Entries taken from a collection:
◆ ◆ ◆

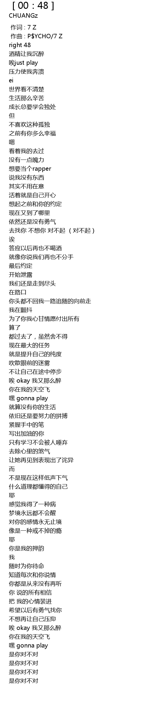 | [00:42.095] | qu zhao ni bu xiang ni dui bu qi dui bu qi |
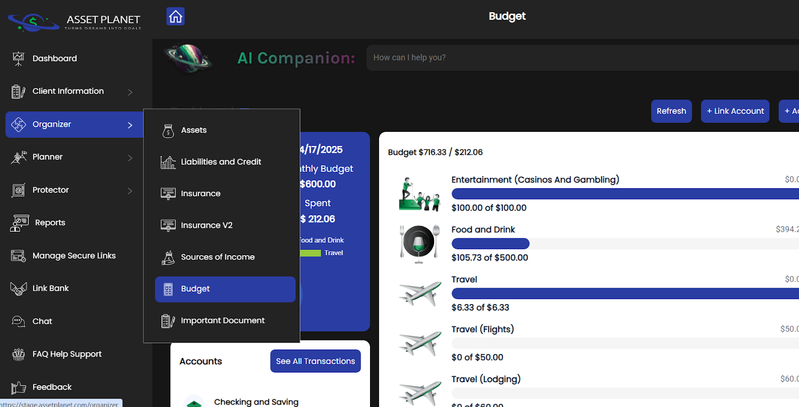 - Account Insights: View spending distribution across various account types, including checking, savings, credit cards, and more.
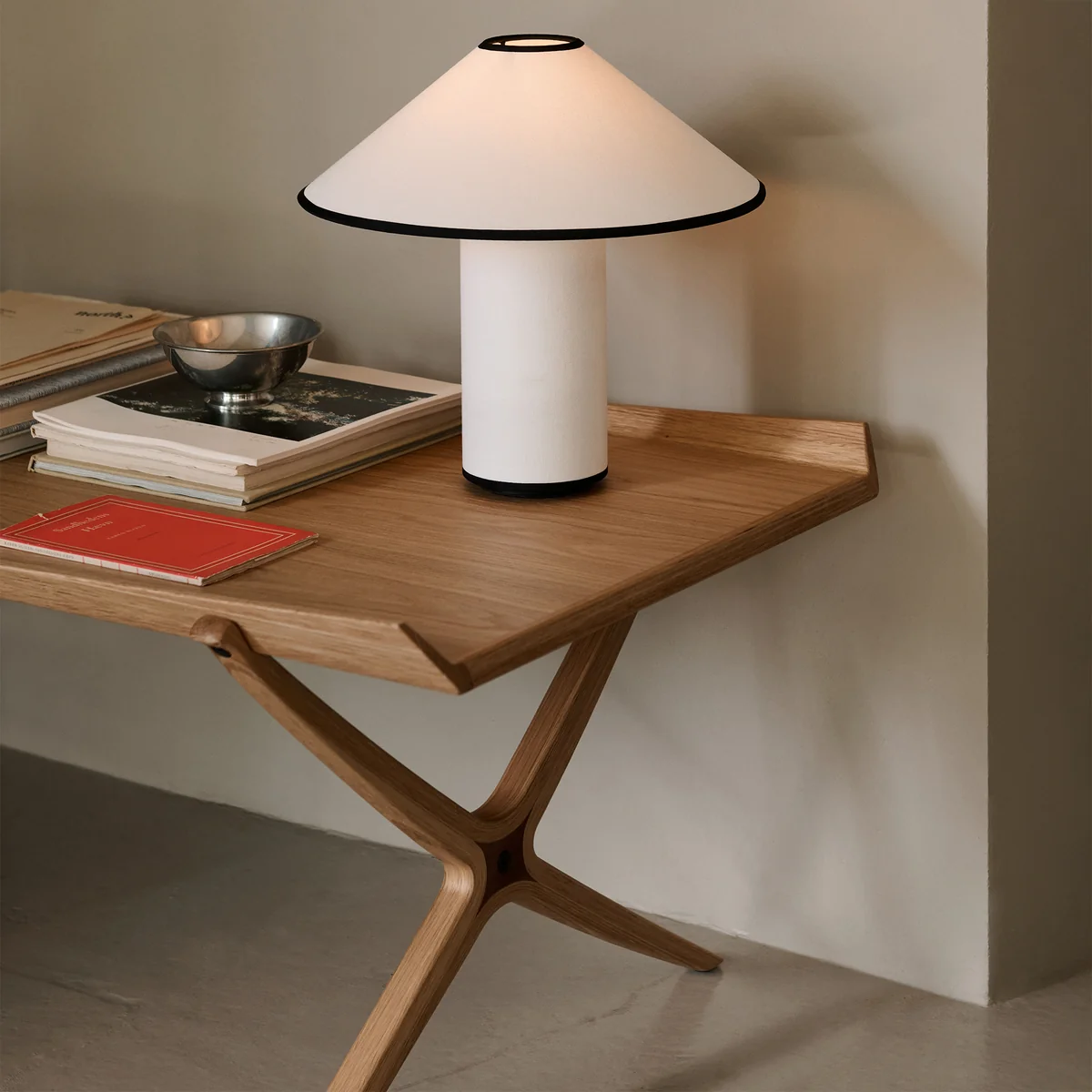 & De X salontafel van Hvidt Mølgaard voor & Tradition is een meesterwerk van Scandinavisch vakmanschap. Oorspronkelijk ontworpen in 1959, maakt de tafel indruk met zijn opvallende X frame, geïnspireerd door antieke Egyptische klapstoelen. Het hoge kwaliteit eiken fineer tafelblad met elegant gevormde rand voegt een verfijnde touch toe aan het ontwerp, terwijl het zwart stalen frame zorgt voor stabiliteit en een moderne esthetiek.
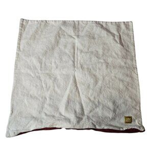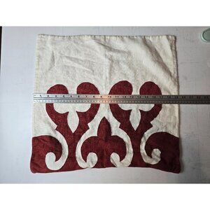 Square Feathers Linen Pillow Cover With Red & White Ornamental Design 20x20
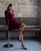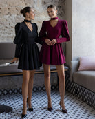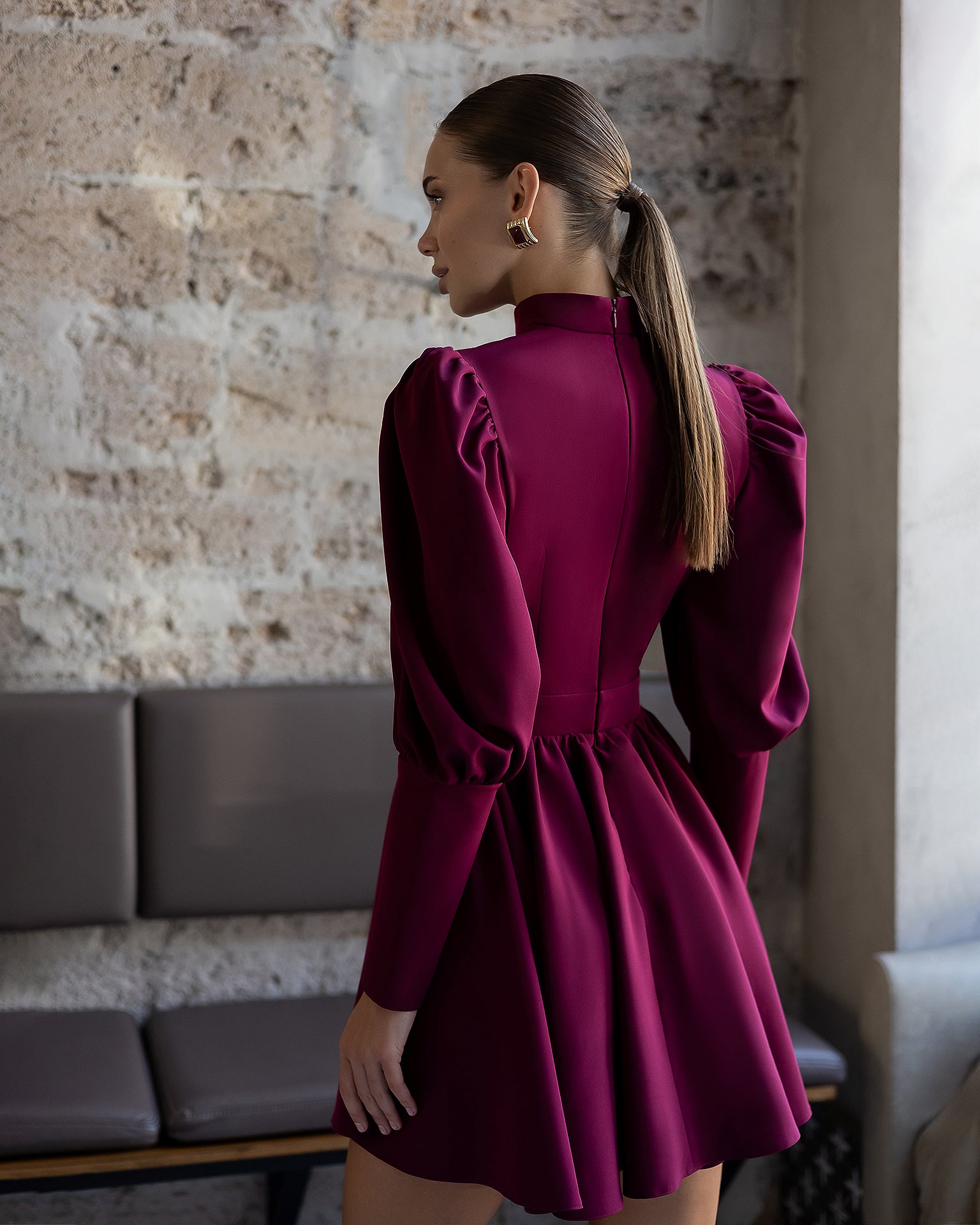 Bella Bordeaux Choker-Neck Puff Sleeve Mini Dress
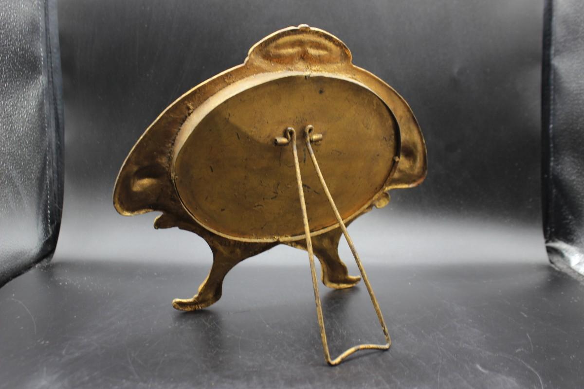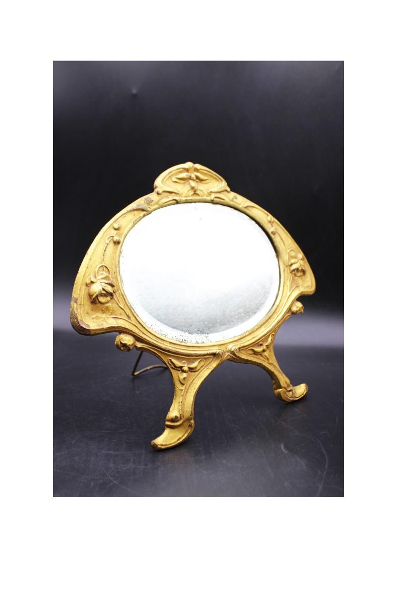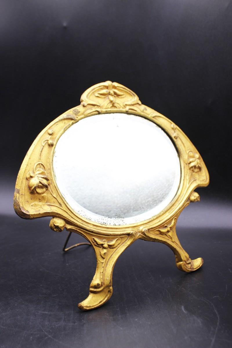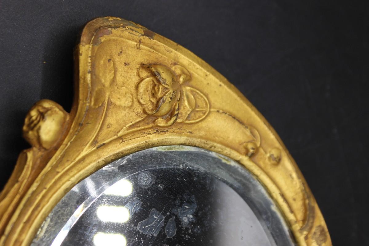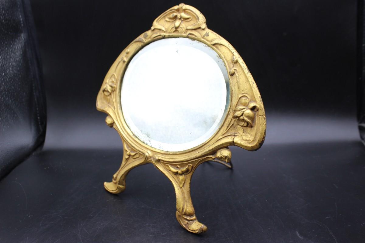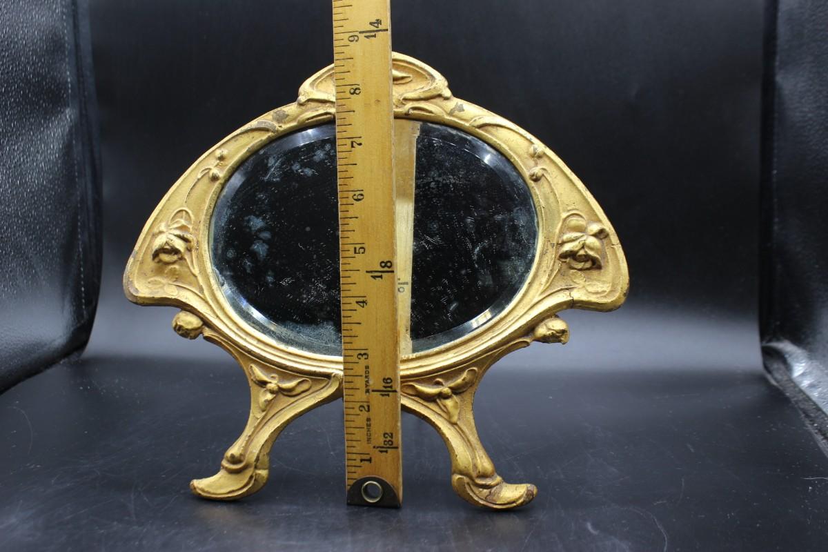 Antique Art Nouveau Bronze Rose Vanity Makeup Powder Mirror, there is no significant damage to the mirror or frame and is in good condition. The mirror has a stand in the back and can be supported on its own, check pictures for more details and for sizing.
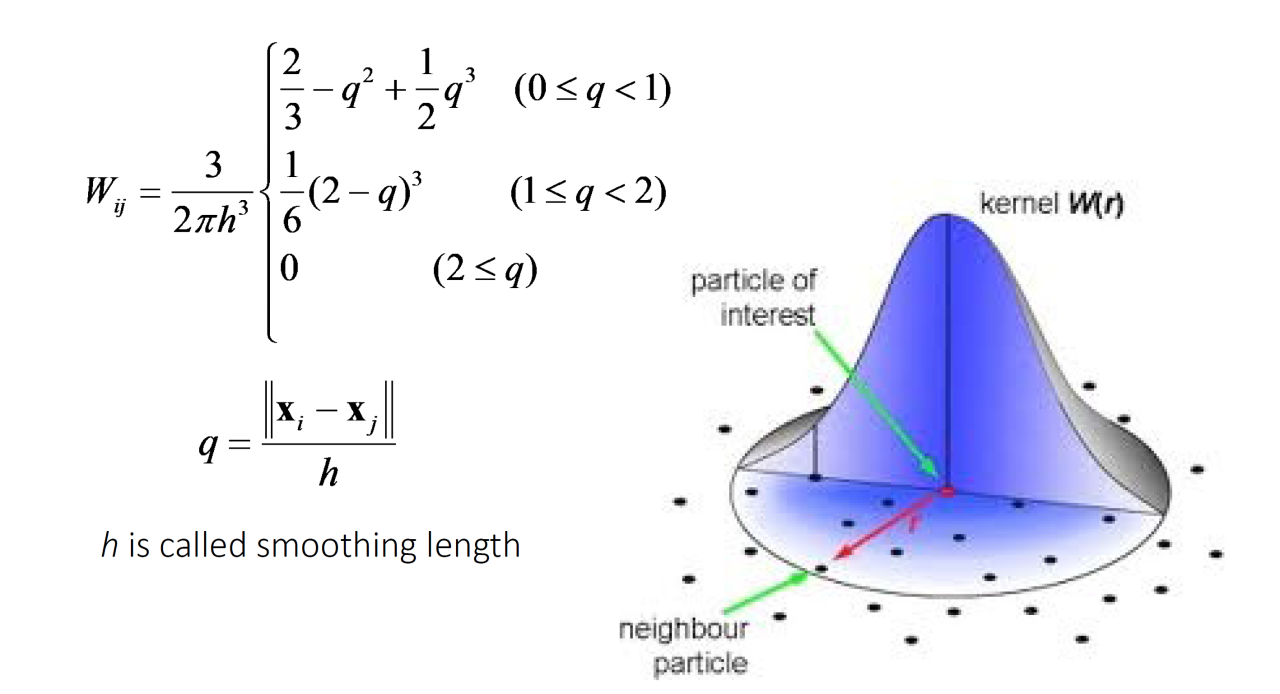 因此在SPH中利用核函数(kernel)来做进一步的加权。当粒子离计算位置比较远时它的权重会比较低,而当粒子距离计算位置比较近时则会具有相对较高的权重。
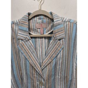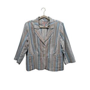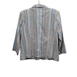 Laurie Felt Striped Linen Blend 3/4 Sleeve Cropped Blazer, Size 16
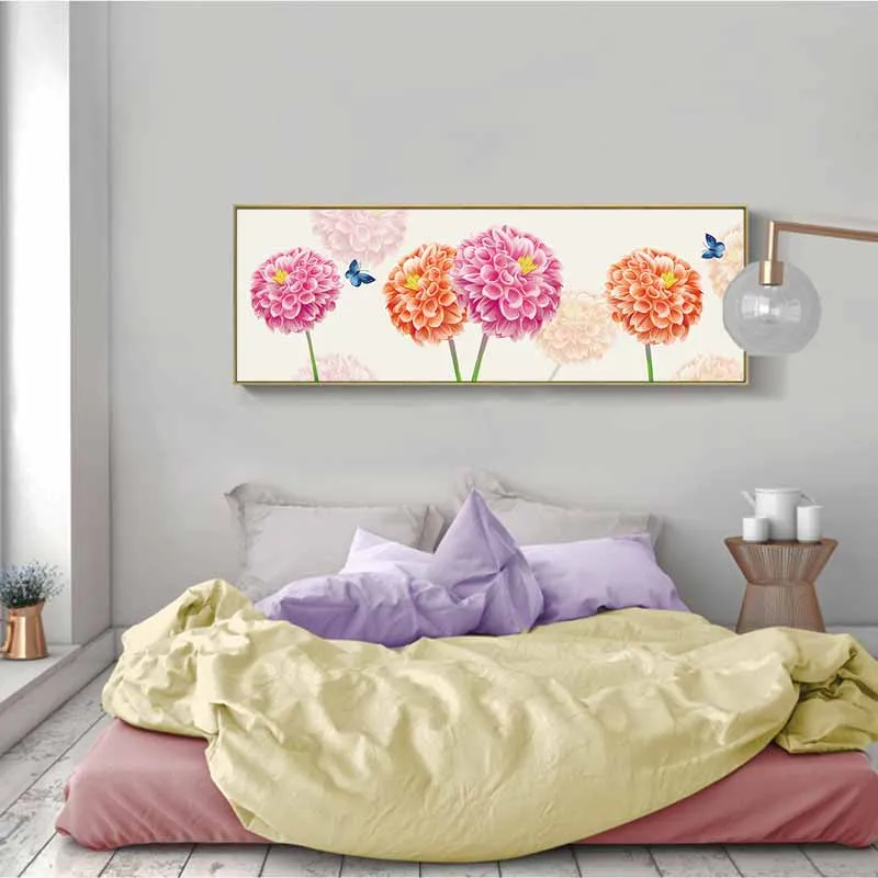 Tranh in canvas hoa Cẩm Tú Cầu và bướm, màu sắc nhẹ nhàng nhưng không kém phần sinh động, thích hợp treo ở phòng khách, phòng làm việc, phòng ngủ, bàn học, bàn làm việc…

◆ ◆ ◆

Exercise brief: Starting at the line with "因此在SPH中利用核函数(k", reproduce exactly each line through the end of the entries, including the first and the last, and skip the pictures.

Answer for the task:
 因此在SPH中利用核函数(kernel)来做进一步的加权。当粒子离计算位置比较远时它的权重会比较低,而当粒子距离计算位置比较近时则会具有相对较高的权重。
 Laurie Felt Striped Linen Blend 3/4 Sleeve Cropped Blazer, Size 16
 Tranh in canvas hoa Cẩm Tú Cầu và bướm, màu sắc nhẹ nhàng nhưng không kém phần sinh động, thích hợp treo ở phòng khách, phòng làm việc, phòng ngủ, bàn học, bàn làm việc…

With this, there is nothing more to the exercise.